Kars’a doğru yola çıkarken 10 bin metre yukarıda bunları düşündüm. Arpaçaydaki düzlüklerde esen rüzgar okşadı sanki yüzümü. Sarıkamış’ın bembeyaz karı ve yazın bir anda zuhur ediveren yemyeşil manzarası canlandı zihnimde. Elbette eşimi ve çocuklarımı nerdeyse her hafta sonu götürdüğüm, Ruslardan kalma yüksek taş binalar ve 40-50 metre uzunluğundaki çamların arasında piknik yaptığımız Dereiçi geliverdi gözümün önüne. Ne emek çekmiştik orayı güzelleştirmek için. Dereiçi SBF koymuştuk adını.

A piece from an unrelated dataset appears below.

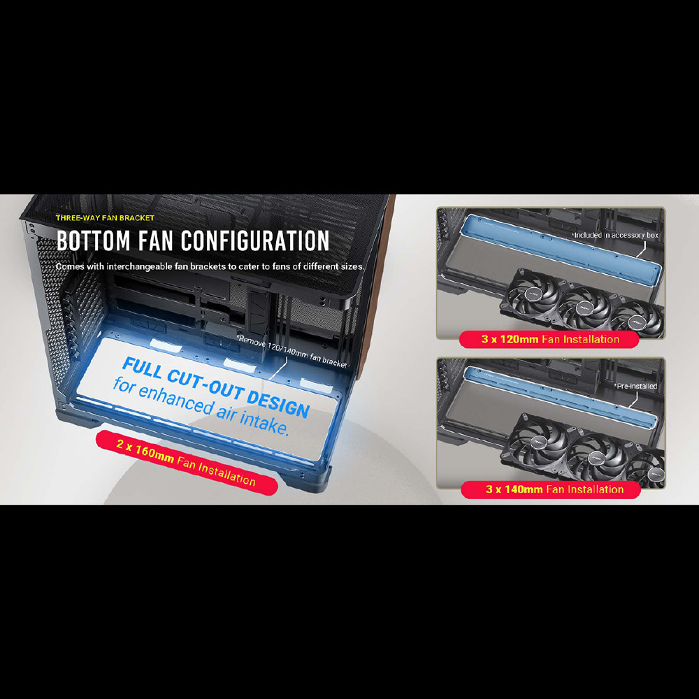 前面と側面がカーブした一体型強化ガラスパネル搭載 冷却型フルタワーPCケース
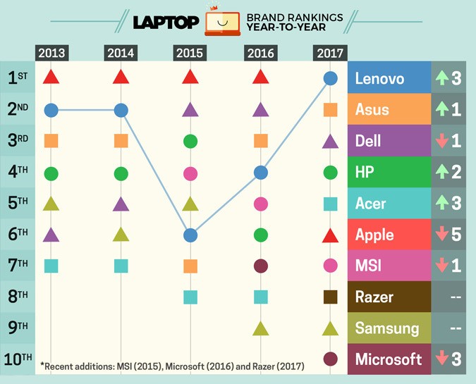 Trong thống kê các laptop tốt nhất và tệ nhất năm 2017 của LaptopMag, Apple không còn là thương hiệu số 1 về laptop. Hãng hiện đã tụt xuống vị trí thứ 5 trên bảng xếp hạng.

Biraz ileride malakanlardan kalma köhne bir değirmen. Daha ilerisinde tarihi bir hamam ve az daha gidince Murat han devrinden kalma enfes bir taş köprü. Selo baba (Selahattin Gültekin) bu eşsiz manzaraların gönüllü fotoğrafçısı yıllardır. Allah selamet versin, hakiki insanlardandır. Onun eserleri, görmeyenlere bile çok şey gösterir.
Başka yüzlerce insanla kesişti yolumuz Kars’ta. Hepsiyle çoğu tatlı hatıralarımızın tadı kaldı damağımda. Bakan usta’nın döneri, büyük zavotların kaşarı, İşkembeci Ömer ustanın çorbası. Çoğu saymakla bitmez bu tür mekanların adları. Kağızmana sarkınca başka hakiki dostlar ve lezzetler bulurum. Digor’un çorak ama dingin ikliminden ne hatıralar canlanır! Ardahan, Iğdır ve Ağrı’ya, hemen her birine mutlaka uğradığım ilçelerine uzanırsa yolculuk, kim bilir daha ne güzellikler zuhur edecek hayalimde.
Tarihin emrine boyun büküp ayrılmak zorunda kalmasaydım bu gerçek hayallerin genişleyeceğine hiç kuşkum yok ama beş-altı yılda belki başka diyarlarda yirmi yılda elde edilebilecek tecrübe ve dostlukların eşi menendi olacağını sanmıyorum.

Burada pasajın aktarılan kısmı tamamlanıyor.